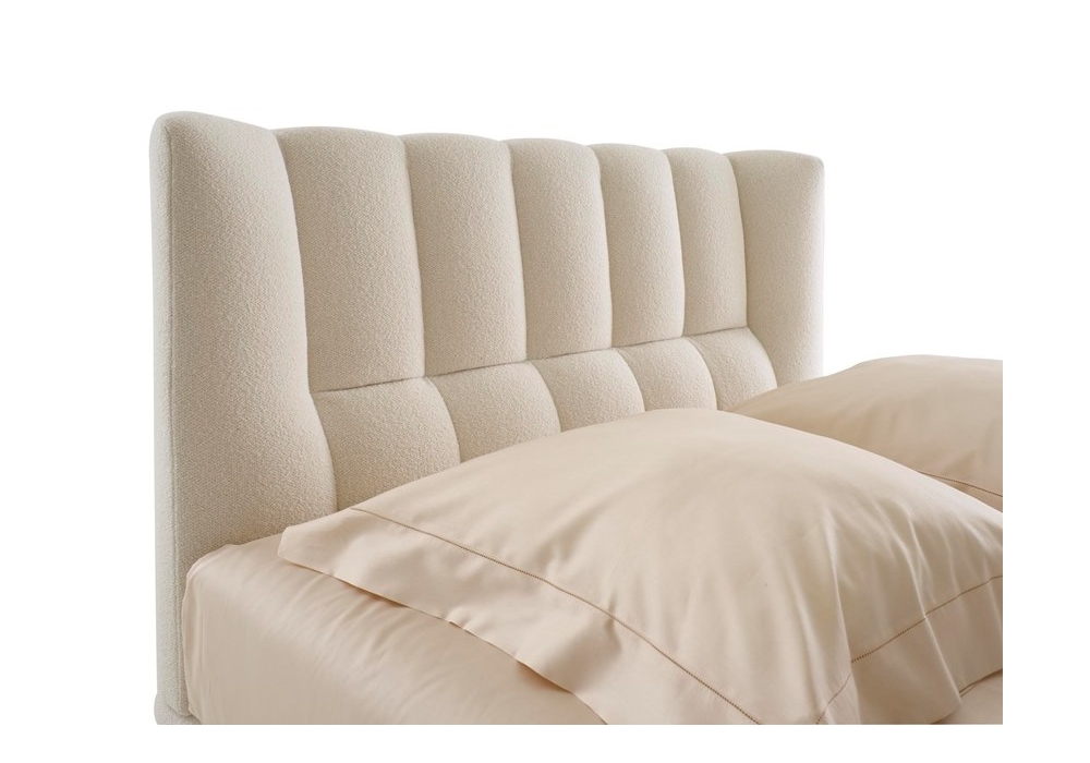 Evisa diseñada por Philippe Nigro para Ligne Roset es una cama con revestimiento en tejido o piel. Disponible en 2 medidas. La apuesta ganadora de esta cama se debe tanto al gran confort físico y visual como a la sensación de refinamiento del cabecero que no deja de recordar el estilo art deco.
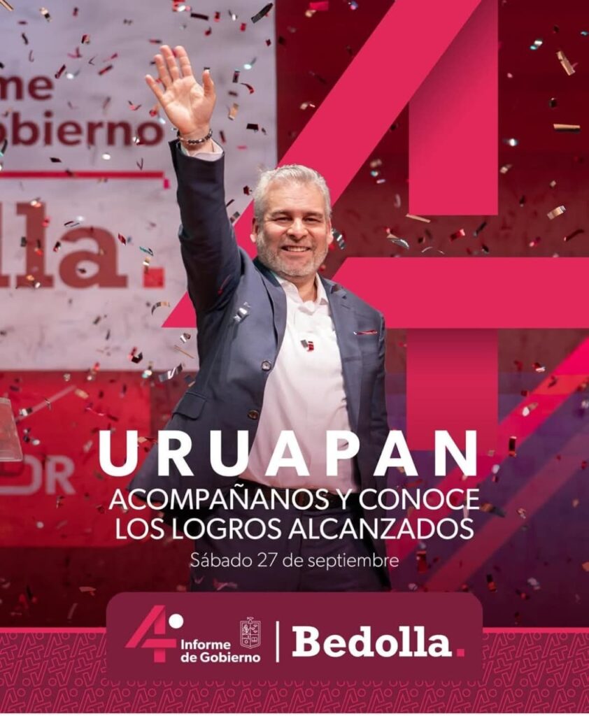 Uruapan, 27 de septiembre de 2025.- En su 4º informe regional, Alfredo Ramírez Bedolla decidió dejarlo claro: las obras que transforman a Uruapan llevan sello estatal y no precisamente el del alcalde Carlos Manzo. Con tono triunfal, anunció 600 millones de pesos para 2026, “sin deuda pública” y con la promesa de no dejar solo al municipio.
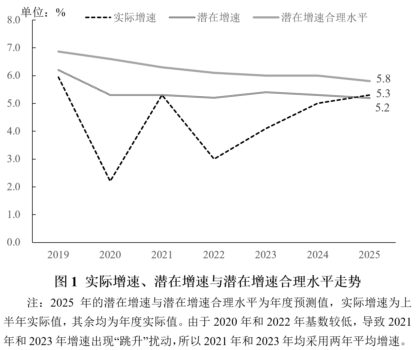 也要看到,经济回升向好基础仍需加力巩固。一是不能简单认为实际增速在短期中超过潜在增速,就表明经济已经完全恢复正常状态,还要将实际增速与潜在增速合理水平进行对比。潜在增速合理水平是最优宏观经济结构下的潜在增速水平,是一个经济体最为理想的经济增速,也是宏观政策需要锚定的核心目标。2025年中国潜在增速合理水平为5.8%左右,比实际增速高出0.5个百分点左右,可见实际增速仍有提升空间。二是就业压力仍然存在。三是价格总水平有待提升。上半年GDP平减指数同比下降1%,降幅比2024年全年扩大0.2个百分点。核心CPI有所回暖,上半年同比涨幅为0.4%,但仍低于2024年全年涨幅0.1个百分点。

*TASK DESCRIPTION*
Please give the material above again in full, with no pictures in your version.

*COMPLETED TASK*
 Evisa diseñada por Philippe Nigro para Ligne Roset es una cama con revestimiento en tejido o piel. Disponible en 2 medidas. La apuesta ganadora de esta cama se debe tanto al gran confort físico y visual como a la sensación de refinamiento del cabecero que no deja de recordar el estilo art deco.
 Uruapan, 27 de septiembre de 2025.- En su 4º informe regional, Alfredo Ramírez Bedolla decidió dejarlo claro: las obras que transforman a Uruapan llevan sello estatal y no precisamente el del alcalde Carlos Manzo. Con tono triunfal, anunció 600 millones de pesos para 2026, “sin deuda pública” y con la promesa de no dejar solo al municipio.
 也要看到,经济回升向好基础仍需加力巩固。一是不能简单认为实际增速在短期中超过潜在增速,就表明经济已经完全恢复正常状态,还要将实际增速与潜在增速合理水平进行对比。潜在增速合理水平是最优宏观经济结构下的潜在增速水平,是一个经济体最为理想的经济增速,也是宏观政策需要锚定的核心目标。2025年中国潜在增速合理水平为5.8%左右,比实际增速高出0.5个百分点左右,可见实际增速仍有提升空间。二是就业压力仍然存在。三是价格总水平有待提升。上半年GDP平减指数同比下降1%,降幅比2024年全年扩大0.2个百分点。核心CPI有所回暖,上半年同比涨幅为0.4%,但仍低于2024年全年涨幅0.1个百分点。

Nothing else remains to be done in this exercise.